Provided data |
────────────────────────────────────────
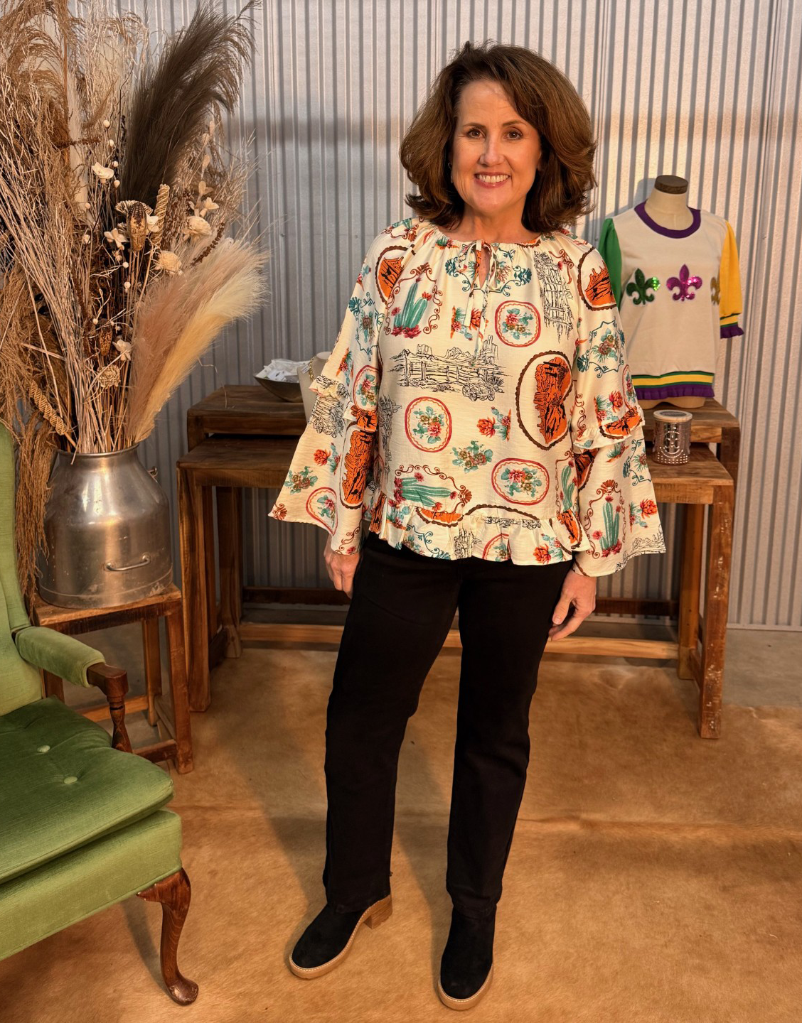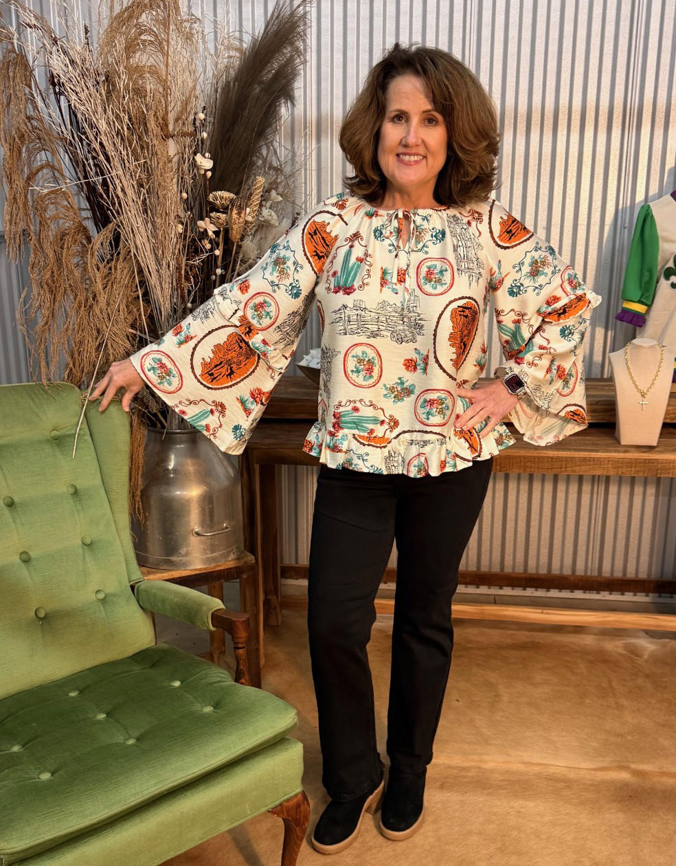 Bring all the Southwestern charm with this Western Desert Scene Peasant Blouse, featuring a mix of cacti, desert landscapes, and vintage Western-inspired artwork. Made from a lightweight, textured fabric, this top offers a relaxed peasant silhouette with a tie neckline and flowy sleeves that give it the perfect boho-cowgirl vibe. If you're searching for a Western blouse, cowgirl top, rodeo outfit top, or Southwestern print shirt, this one is a standout piece for any season.
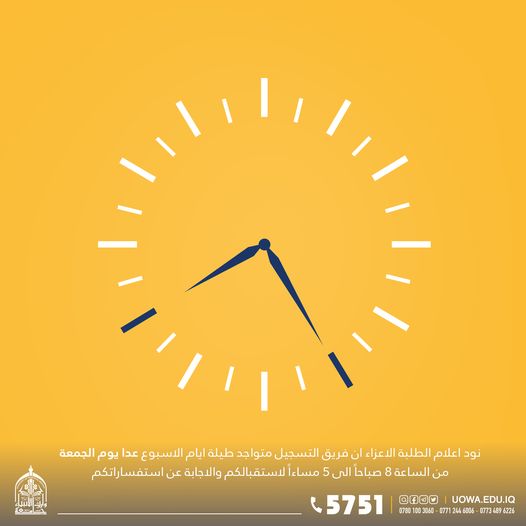 *نود اعلام الطلبة الاعزاء ان فريق التسجيل متواجد طيلة ايام الاسبوع(عدا يوم الجمعة) من الساعة 8صباحا
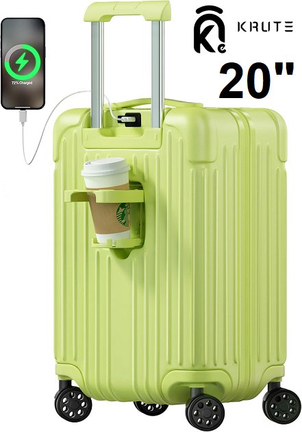 Krute lightweight ABS Hard Shell Luggage Suitcase for Travelling with USB Charging Port, TSA Lock and drink holder- 20" - apple green
────────────────────────────────────────
What to produce |
All of the material above needs to be restated exactly, with no pictures.

Completed exercise |
 Bring all the Southwestern charm with this Western Desert Scene Peasant Blouse, featuring a mix of cacti, desert landscapes, and vintage Western-inspired artwork. Made from a lightweight, textured fabric, this top offers a relaxed peasant silhouette with a tie neckline and flowy sleeves that give it the perfect boho-cowgirl vibe. If you're searching for a Western blouse, cowgirl top, rodeo outfit top, or Southwestern print shirt, this one is a standout piece for any season.
 *نود اعلام الطلبة الاعزاء ان فريق التسجيل متواجد طيلة ايام الاسبوع(عدا يوم الجمعة) من الساعة 8صباحا
 Krute lightweight ABS Hard Shell Luggage Suitcase for Travelling with USB Charging Port, TSA Lock and drink holder- 20" - apple green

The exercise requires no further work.